Explaining training of the models generally, datasets used for training of any of the models may undergo one or more augmentation processes, including but not limited to random crops; central crops; random horizontal flips; random rotations; random affine transformations; random changes to brightness, contrast, saturation, and/or hue of an input image; random grayscale conversion; random auto contrast; random erasure of image regions (CutOut augmentation); random (Gaussian) blurring of the image; randomly mixing two images by cutting a patch from one and pasting it into a second (CutMix augmentation); random perspective transformation; random elastic transformation; random color channel permutations; random Gaussian noise, random posterization; random image histogram equalization; RandAugment: practical automated data augmentation with a reduced search space; AutoAugment: learning augmentation strategies from data; and/or TrivialAugment: tuning-free yet state-of-the-art data augmentation.

The models may be trained on a plurality of images, these images may be synthetically generated and/or annotated with information about a plurality of features, for example: corneal reflections (or pupils), eyebrows, frame position and contour of lens, head positioning, position of reference markers on the Frame Reference Device, etc. In some embodiments images may be manually annotated by operators without storing any other personal information about them. In some embodiments a synthetically generated dataset (for example generated programmatically) of faces wearing the 3D model of the FRED and different types 3D models of glasses/frames. In some embodiments postprocessing may be applied using computer vision algorithms developed to refine the obtained data to be able to perform accurate geometrical computations on them.

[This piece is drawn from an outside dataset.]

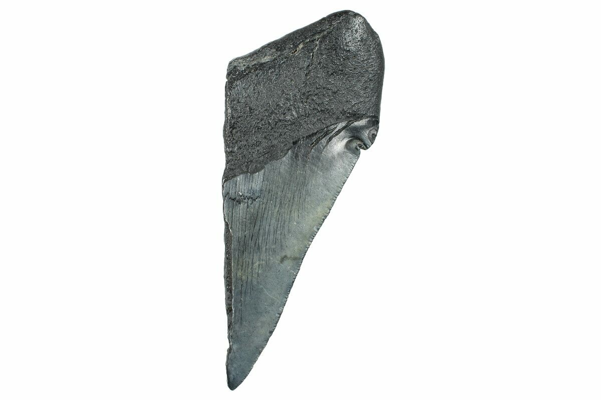 The standard measure for megalodon teeth is slant height, or the longest edge of the tooth. Adult megalodon teeth were typically in the 4 to 5 inch range: teeth over 6 inches are rare and represent super-sized individuals. Only a handful of teeth have ever been found over seven inches.

For example, a first AI network may may a FRED marker detection module, which may precisely detect one or more FRED markers. In some exemplary embodiments the FRED marker detection network may utilize a course to fine analysis approach. In a first sub-step a trained ML may be utilized to quickly find a general location for each of a plurality of markers in a specified region on the image, for example the upper side of a face. In some embodiments this detection may be via, for example, a dedicated face detector, which may be understood to detect markers even in bad lighting and/or with cluttered backgrounds. In some embodiments the facial detector may be used only in certain circumstances, for example in images where the quality is low due to residual reflections, over or underexposure, etc. Once the general locations have been identified, in a second sub-step a fine-tuning ML may be applied which may refine marker locations to, for example, sub-pixel accuracy. In at least some embodiment the fine-tuning ML may utilize, for example, template matching or dense local search methods.

In some embodiments the specifics of the models utilized may be dependent on the devices performing the analysis. For example, there may be a plurality of models ranging from 2.6M parameters to 65.8M parameters, which may range from low end models to high end models. Depending on the operative device a specific model may either be pre-selected, or may be dynamically selected based on, for example, processing power. In some embodiments some lower parameter models may go through additional knowledge distillation training in order to mimic larger models and reduce loss in performance or accuracy while still being operable on lower end devices. For example, a smaller model of 2.6M parameters may go through an additional prediction training phase based on the results of the larger model (e.g. 65.8M parameters), for example through a supervised training phase with the larger model acting as the supervisor. The smaller model may thereby be trained to predict similar outputs as the larger model without substantially increasing the operating requirements of the model. In different embodiments several input resolutions of images may be utilized, for example 512×256 or 448×224. It may be appreciated the above numbers are purely illustrative and non-limiting, and that in other embodiments fewer than 2.6M or more than 65.8M parameters may be utilized. In some embodiments an image pyramid method may be utilized, whereby there is a series of images derived from the same scene (same original) but with dimensions reduced at each level of the pyramid. Thus, at a smallest resolution only macrofeatures may be present, while as the resolution up the pyramid increases finer details may be captured by the models. In some cases the pyramid may be intrinsic to the model, in others it may be algorithmically generated and used.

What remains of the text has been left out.